If you took location out of the equation, which schools would go up or down significantly on ranking lists? For example, would UT Austin get more applicantions than UCLA or Vanderbilt would get as many applicants as Columbia?
That’s a great question. It speaks to the differences between a great education (actual teaching) vs. overall experience (which includes teaching but also encompasses other important factors like culture). Also speaks to on campus recruiting and professional partnerships. Do the major companies have a meaningful presence in OCR? That makes a big difference and provides a much easier path to a good first job.
Before I did that, I’d have teaching quality and final outcomes be part of the rankings, which they are not. There are plenty of highly ranked schools, with giant lectures and abysmal histories when it comes to quality of instruction.
Now sticking with the original premise, Houston is an awful place to live. If you dropped Rice into California or the Upper East Coast, I believe it’s popularity would jump significantly.
I also believe the fear of LDS influence keeps Utah suppressed. The mountains are beautiful. The campus and dorms are nice. It offers lots of high quality majors with good facilities abound. The students are wild about their athletics. Put that aside, and Utah joins the ranks of some of the UCs, Colorado, Wisconsin, etc.
JMHO YMMV.
Any maritime school not located on a coast or other significant body of water such as the Great Lakes would probably sink.
I’m sure NYU would go down in applications.
I suppose popular west coast and new england colleges like Stanford, Berkeley, Ivies, Boston College, NYU, Georgetown would see a huge drop in applications/rankings and Georgia Tech, Vanderbilt, Rice, Northwestern would jump ahead. Its not like academic standards are vastly different, its more about location and name brand.
U Chicago is probably one school which plays ranking, marketing, ED , yield games better than any other college. Elite schools in southren states seriously suck at marketing gimmicks and can move significantly ahead only with some online efforts to put their names out there. For example Texas schools can ride ahead on booming economy and abundance of opportunities not available or affordable in saturated states.
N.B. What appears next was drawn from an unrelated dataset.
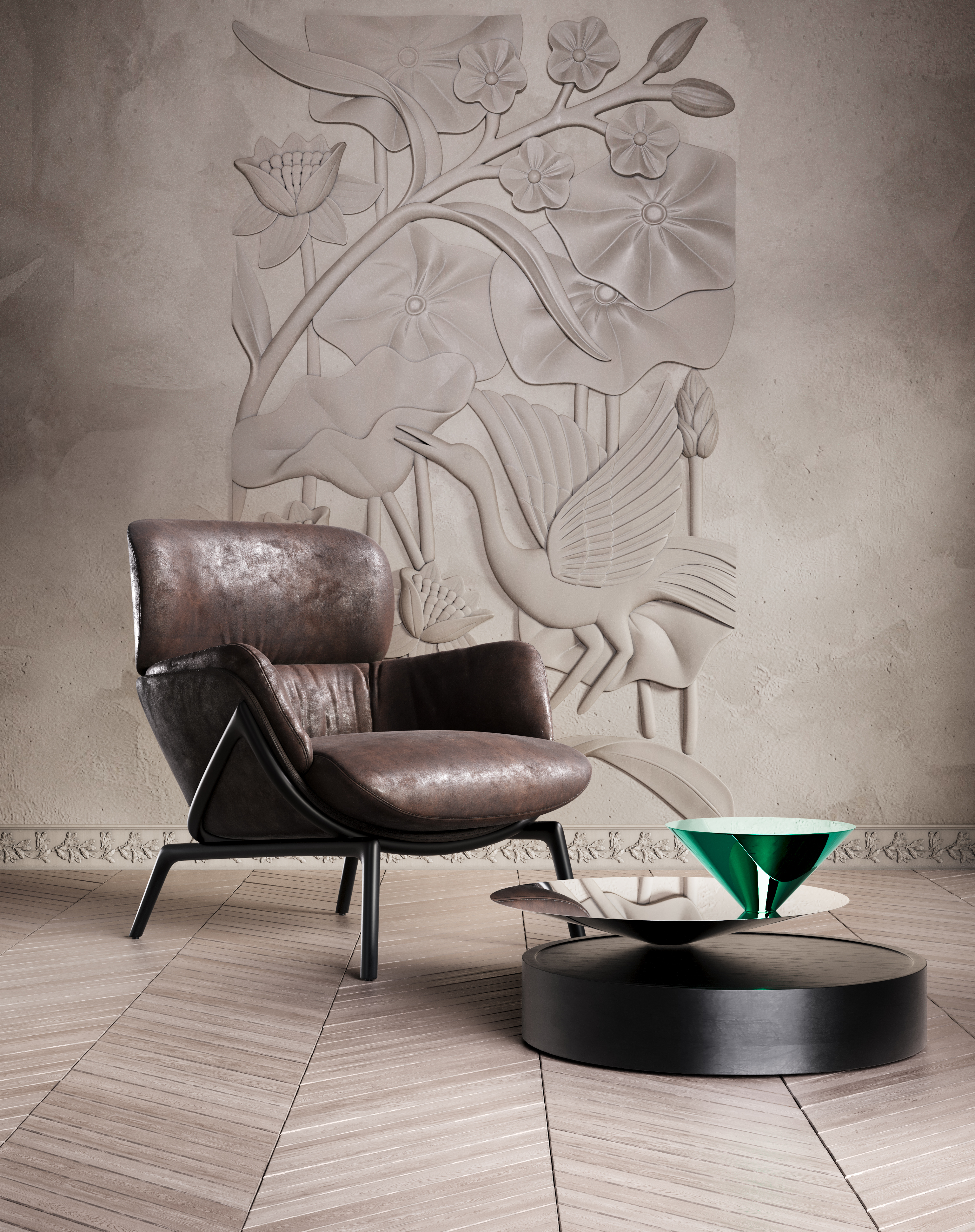 Журавль не улетает, он покой охраняет.... В работе использованы free модели производителей: барельеф

A hypothetical that has zero chance of ever happening. Thats’ why unhabitable shacks in Silicon Valley are worth millions. The best professors and students are drawn to location.
@sushiritto Exactly. This is the exact reason, employers and middle class are moving to affordable areas with untapped oppurtunities. Just look at Texas for last 5 years growth and it looks like a new world. Why buy an unhabitable shack for million when you can raise your family in a brand new fancy house for half of that in Texas. Its not like Huston, Austin, Dallas suburbs are what they used to be in stereotypes. These are very diverse and happening metro areas now. They aren’t NY or London but can offer great family living without debt or struggle.
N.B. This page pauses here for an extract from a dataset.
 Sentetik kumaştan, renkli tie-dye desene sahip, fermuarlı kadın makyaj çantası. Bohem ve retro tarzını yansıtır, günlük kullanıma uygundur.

Then the Texas universities will be charging hard up the USNews Rankings quickly.
But, I just did a quick google search and it shows that UT Austin, being the State’s flagship, has actually gone down from #44 (2008) to #53 (2015). And it’s #56 for 2018. But I know the rankings are problematic.
http://publicuniversityhonors.com/2015/06/13/u-s-news-national-university-rankings-2008-present/
Personally, I love my “slightly inhabitable” shack in Silicon Valley. And just by my own eye, the residential and commercial building activity continues unabated here.
I suspect many rural schools would go up in popularity. There’s a generational flight back to the cities, most of the younger people I speak to want urban conveniences.
UT caps OSS and mostly does auto admit according to class rank. Most Texas schools (private and public) give generous aid and merit including lots of free rides, it hurts flagship because they aren’t attractive for academic scholars. Ivies, Rice and other elites also take a big chunk from the top 1-2%.
If instead of college rankings, you can look at number of employers and employees moving to Texas due to financial incentives and affordable living, you’ll see a huge influx and changing environment. Its becoming too expensive for middle class to have a decent living in traditionally popular metroplexes like NY, SF, LA, Boston etc. I’m not contesting those places being better, just their affordability.